Her royal cuteness climbed 1600 feet yesterday on a bike ride.  I unsnapped her from the leash and off she went, wondering why I was so slow!

There are pretty good products you can buy online to take your dog along on a bike ride.  But will they fit your bike?  Think of all the variations in bike geometries out there!

But there is a trick: strapping on a small board to a straight section of your rear triangle.  Look at the rear triangle of my mountain bike:

Attaching to my bike is not straightforward.  The rear axle proper is not available because of the special parts that go along with the Old Man Mountain rear rack.

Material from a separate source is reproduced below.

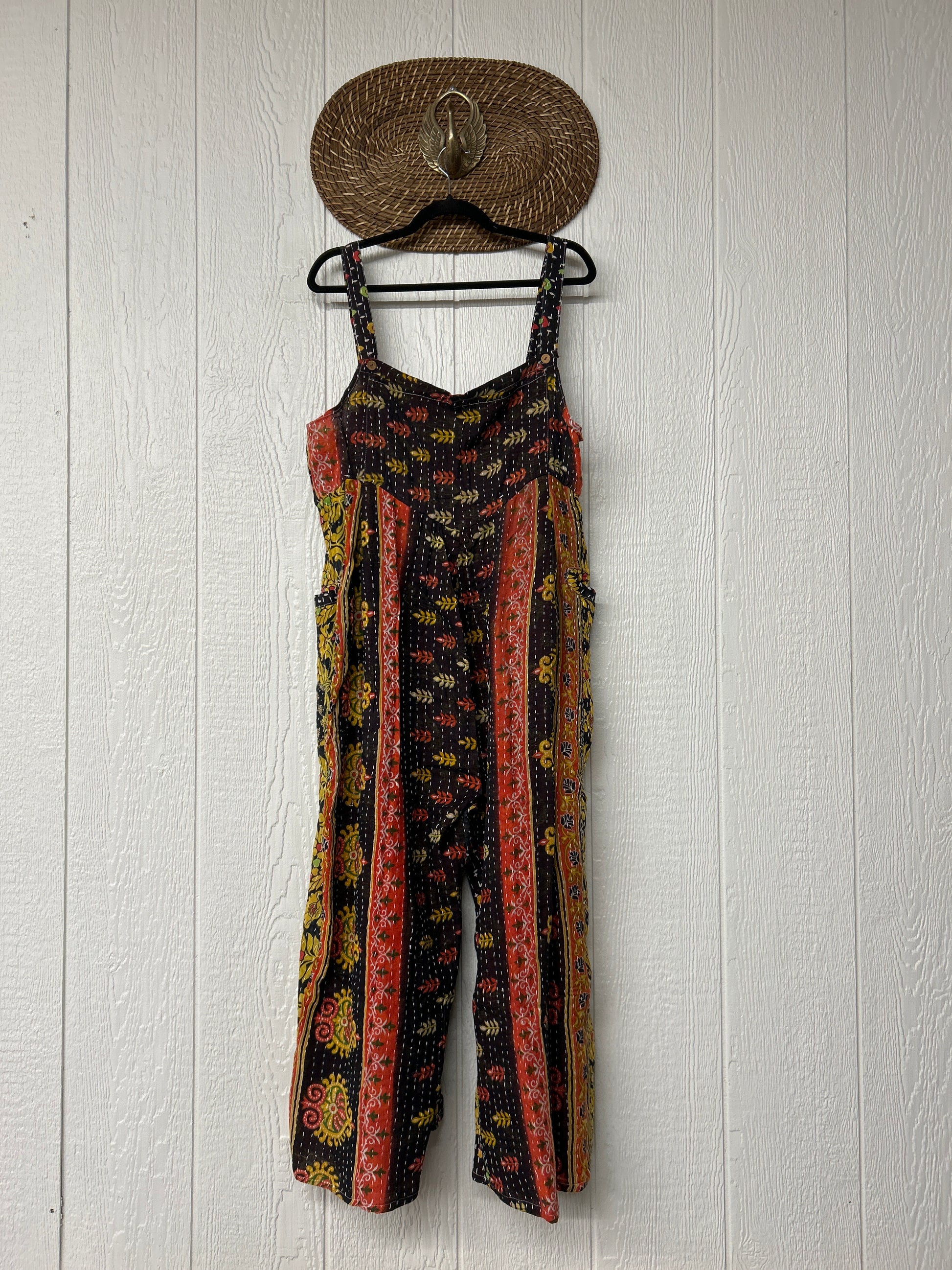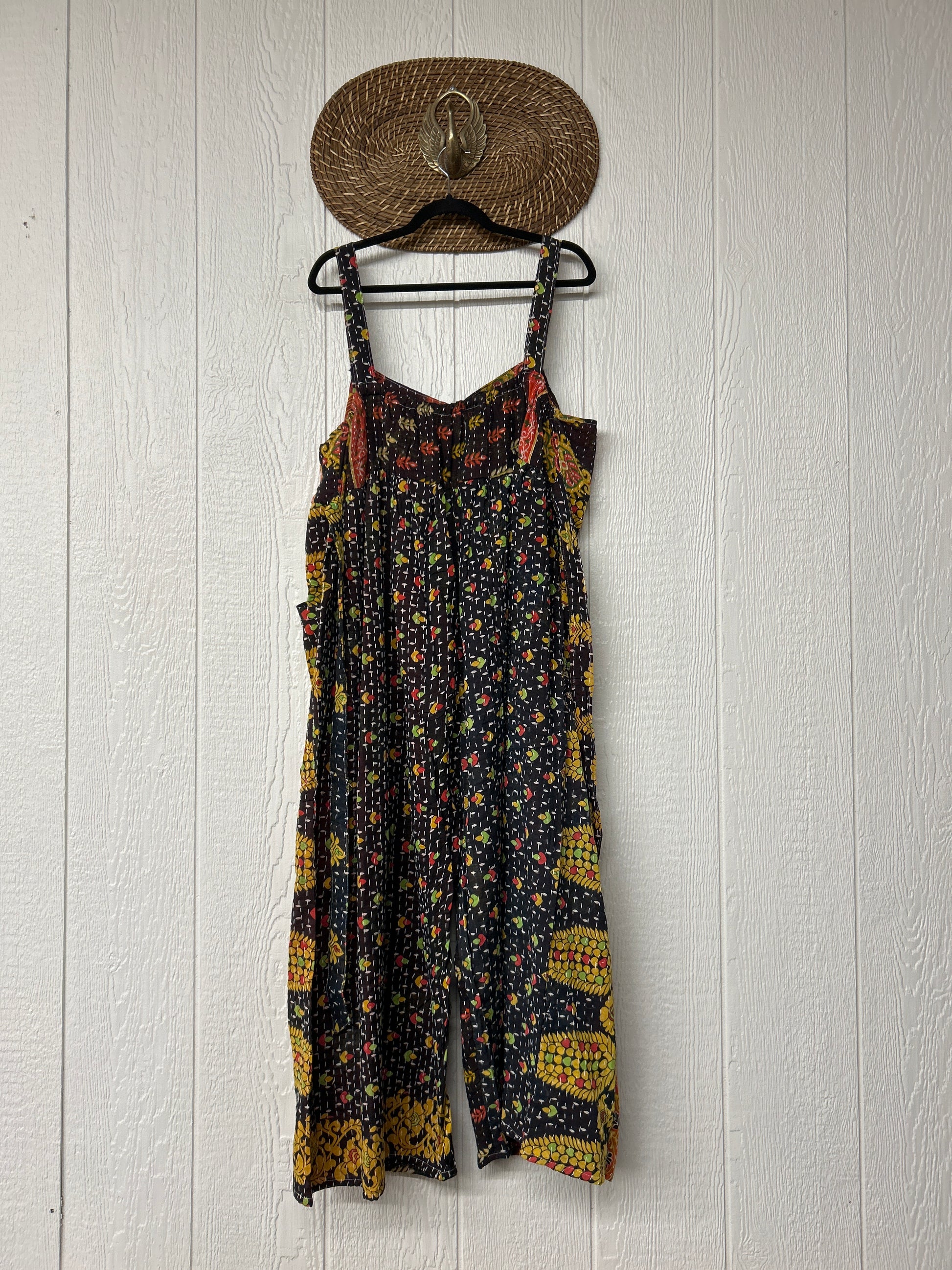 Features adjustable button straps, deep interior pockets, front bib pocket and wide flowy legs

Notice the weird bend in the chainstay, the tube that connects the rear axle to the crank area ("bottom bracket") of the bike.  But it doesn't matter because at least the seatstay is a straight tube.  (The seatstay is the tube that slants up from the rear axle towards the seat/saddle.)

With a straight tube you can strap on a straight piece of wood. [1] 

Whatever bracket you use for mounting the standoff needs to be rearward of the rear axle so that your ankle doesn't hit it.

Wood is easy to work with.  You could mount a right-angle metal bracket from a hardware store, and attach a stick of wood as the standoff.  That is what I did first.  But who wants to use tools or a clumsy wingnut to remove the wood, so you can store your bike?

That is why I went to the plumbing department of the hardware store, and mounted a "floor bracket" to the wooden board.  Then you screw the 1 foot section of PVC pipe into the floor bracket. [2]

What if you fall on the right side of the bike or bash this pipe into a boulder?  It will snap off.  But you want it to.  It is inexpensive.  Keep a couple backup pieces in stock.

It is critically important to use the right length of bungee cord. [3]  (Black in the photo above.) The dog must not get ahead of your front axle, or every squirrel becomes a disaster!


[1]  You could use metal hose clamps from a hardware store, but I recommend the nylon hose clamps from Topeak, called "Versamount." I prefer to use a hardwood board, rather than soft pine.

[2]  I am using a nominal 3/4" PVC tube, but you might prefer at 1" tube for a bigger dog.  Hardware stores sell 1 foot sections, threaded on both ends.

[3]  For my 20 pound poodle mix, a 3/8" bungee cord is strong enough.  You might need one of those black rubber tie-down straps for a larger dog.